Mas não dá para a mulher simplesmente esperar o parceiro a se decidir. Como ela deve agir?
A pressão pode piorar a situação. Mas, se conduzida para auxiliar o tratamento, é benéfica. A mulher deve acompanhar o paciente em algumas consultas (não necessariamente em todas). Ela deve pressionar, sim, no sentido de se dispor a ajudar no tratamento, motivando e incentivando o parceiro, e não simplesmente cobrar sucesso.
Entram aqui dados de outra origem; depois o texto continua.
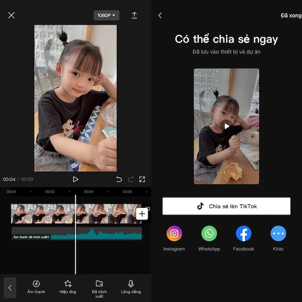 Bước 4: Sau khi hoàn thiện các chỉnh sửa bạn có thể xuất video hoăc chia sẻ trực tiếp trên các nền tảng.

E o desempenho sexual da mulher pode atrapalhar de alguma forma? Sim. Em alguns casos, transtornos sexuais da parceira podem piorar, agravar ou dificultar o tratamento do homem mulheres que não conseguem atingir o orgasmo, por exemplo. Nessas situações, é necessário que ela também seja tratada.

Como é o tratamento?
O primeiro passo é o homem se conscientizar que deve buscar ajuda de um urologista. O médico, inicialmente, pesquisa a história clínica do paciente. Fazemos perguntas de um modo geral, incluindo a sua saúde psicológica, hábitos e a vida sexual completa: medos e ansiedades relacionados a ela, o início dos sintomas, distúrbios de ereção, rupturas e relacionamentos problemáticos. Nem sempre dá para colher todas as informações numa única consulta, por inibição do próprio paciente. Mas é importante obter o histórico completo, porque a partir dele o urologista já tem pistas das hipóteses diagnósticas. Além do exame físico habitual, o urologista deve solicitar exames de rotina, mesmo com as hipóteses já formuladas. Os casos de impotência devem ser tratados com as medicações adequadas. O uso de drogas para ereções seja via oral, injetável (no pênis) ou hormônios é indicado apenas quando há diagnóstico de impotência.

A terapia só traz efeitos nos casos de fundo emocional?
A terapia psicológica direcionada é muito importante em todos os casos, principalmente para o entendimento das reações de ansiedade. A terapia comportamental, com técnicas para retardar o momento da ejaculação, também é eficaz. Os medicamentos que retardam a ejaculação devem ser utilizados apenas como auxiliar ao tratamento, já que os resultados esperados são temporários, e nem sempre eficazes. Isso sem contar alguns efeitos colaterais, como sono e irritabilidade. (Troque a terapia pela academia em casal)

E em quanto tempo é possível reverter o problema?
O tempo de tratamento varia conforme cada caso e conforme cada pessoa em particular. Muitas vezes, só o fato do casal compreender o que está ocorrendo já é o suficiente para uma melhora completa ou quase completa. Quando o homem nunca tinha tido ejaculação precoce e, de repente, começa a ter é mais rápido tratar. Isso porque pacientes que sempre tiveram o problema demandam sessões de a terapia comportamental, com técnicas e exercícios para prolongar a ejaculação, além de medicações específicas, mesmo que temporárias.